#  > > >  >  > Форум >  > > >  >  > Общение >  > > >  >  > Общий форум >  > > >  >  >  Зависимость ментального от физического (?)

## Pavel

Есть ли основания считать, что менталитет человека (животного), т.е. его взгляды, привычки, желания, устремления, находится в зависимости, (обусловлен) его физическими особенностями (конструкцией его организма)?

----------

Add (26.11.2008), AlexТ (26.11.2008), Иван Ран (26.11.2008)

----------


## Сигизмунд

Даже если не вдаваться во всякие химические гармональные влияния отдельных желёз организма на процессы мышления, смело можно утверждать, что у человека с волосами есть привычка, желание и устремление мыть, расчесывать и стричь эти волосы, а у лысого человека есть только привычка, желание и устремление протирать голову тряпочкой.

----------

Add (26.11.2008)

----------


## Топпер

> Естт ли основания считать, что менталитет человека (животного), т.е. его взгляды, привычки, желания, устремления, находится в зависимости, (обусловлен) его физическими особенностямии (конструкцией его аргонизма)?


Думаю, что, в какой то мере, это так. Например, удар по голове (нарушение конструкции мозга) может сделать человека умалишённым.

Если говорить о животном мире, то строение тела и тип питания неизбежно определяют и стиль поведения. Тигра сложно перевести на растительную белковую пищу. До некоторых пределов это возможно, но потом природа всё-равно возьмёт своё.

----------

Add (26.11.2008)

----------


## Сергей Муай

> Естт ли основания считать, что менталитет человека (животного), т.е. его взгляды, привычки, желания, устремления, находится в зависимости, (обусловлен) его физическими особенностямии (конструкцией его аргонизма)?


Предположение в чем-то созвучно теории Ломброзо. Вот тут есть и тут.

Удачи!

----------


## Aion

По-моему, связь такая есть. Именно ей обусловлен приём различных психоактивных веществ живыми существами...

----------

Add (26.11.2008)

----------


## Иван Ран

> Есть ли основания считать, что менталитет человека (животного), т.е. его взгляды, привычки, желания, устремления, находится в зависимости, (обусловлен) его физическими особенностями (конструкцией его организма)?


И если да, то как отличать закон кармы от "закона судьбы"?  :Smilie:

----------


## Александр Владленович Белоусов

> Есть ли основания считать, что менталитет человека (животного), т.е. его взгляды, привычки, желания, устремления, находится в зависимости, (обусловлен) его физическими особенностями (конструкцией его организма)?


Помоему наоборот, в основном физическое зависит от ментального.

----------


## Skyku

> менталитет человека (животного), ... находится в зависимости, (обусловлен) его физическими особенностями
> ...
> ... наоборот, в основном физическое зависит от ментального.

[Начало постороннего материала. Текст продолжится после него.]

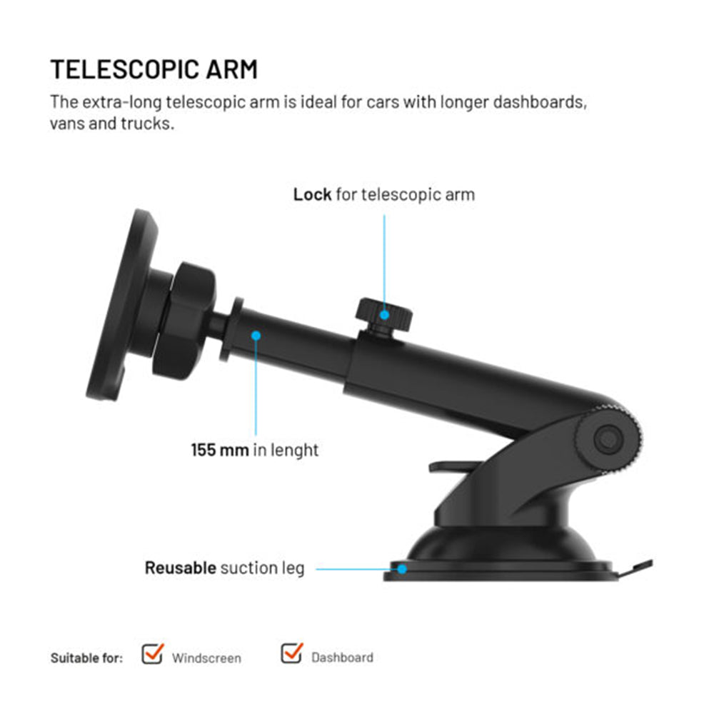 The 360 rotating head offers complete freedom in adjusting the phone's position. The telescopic arm allows distance adjustment according to preferences, so you can enjoy optimal screen visibility at any time.

Яйцо все таки или курица...
Вот в чем Вопрос!

----------

Pavel (27.11.2008), Zom (27.11.2008)

----------


## Иван Ран

А зачем отделять вообще одно от другого?

----------


## Dondhup

Что такое наше тело?
Это некий объект, воспринимаемый органами чувств. Как он существует сам по себе вне нашего восприятия  не важно с практической точки зрения. По сути он не существует вне нашего ума  :Smilie:  Имея дело с телом мы имеем дело только с умом  :Smilie:

----------


## Хайам

> Есть ли основания считать, что менталитет человека (животного), т.е. его взгляды, привычки, желания, устремления, находится в зависимости, (обусловлен) его физическими особенностями (конструкцией его организма)?


 Физические особенности обусловлены менталитетом.То есть сначала   менталитет,потом физическое состояние.

----------


## Skyku

> Физические особенности обусловлены менталитетом. То есть сначала менталитет, потом физическое состояние.


Что не соответствует действительности.
Так как воздействие множества веществ, помимо сознательного наблюдения этого воздействия, приводит к изменению менталитета.
Дабы не утомлять медицинскими статьями, припомню худ. фильм "Проклятье золотого цветка" и прочие средневековые способы сведения с ума (= ввержение в безумие) с помощью регулярного подсыпания малых доз мышьяка.

----------


## Хайам

> Что не соответствует действительности.
> Так как воздействие множества веществ, помимо сознательного наблюдения этого воздействия, приводит к изменению менталитета.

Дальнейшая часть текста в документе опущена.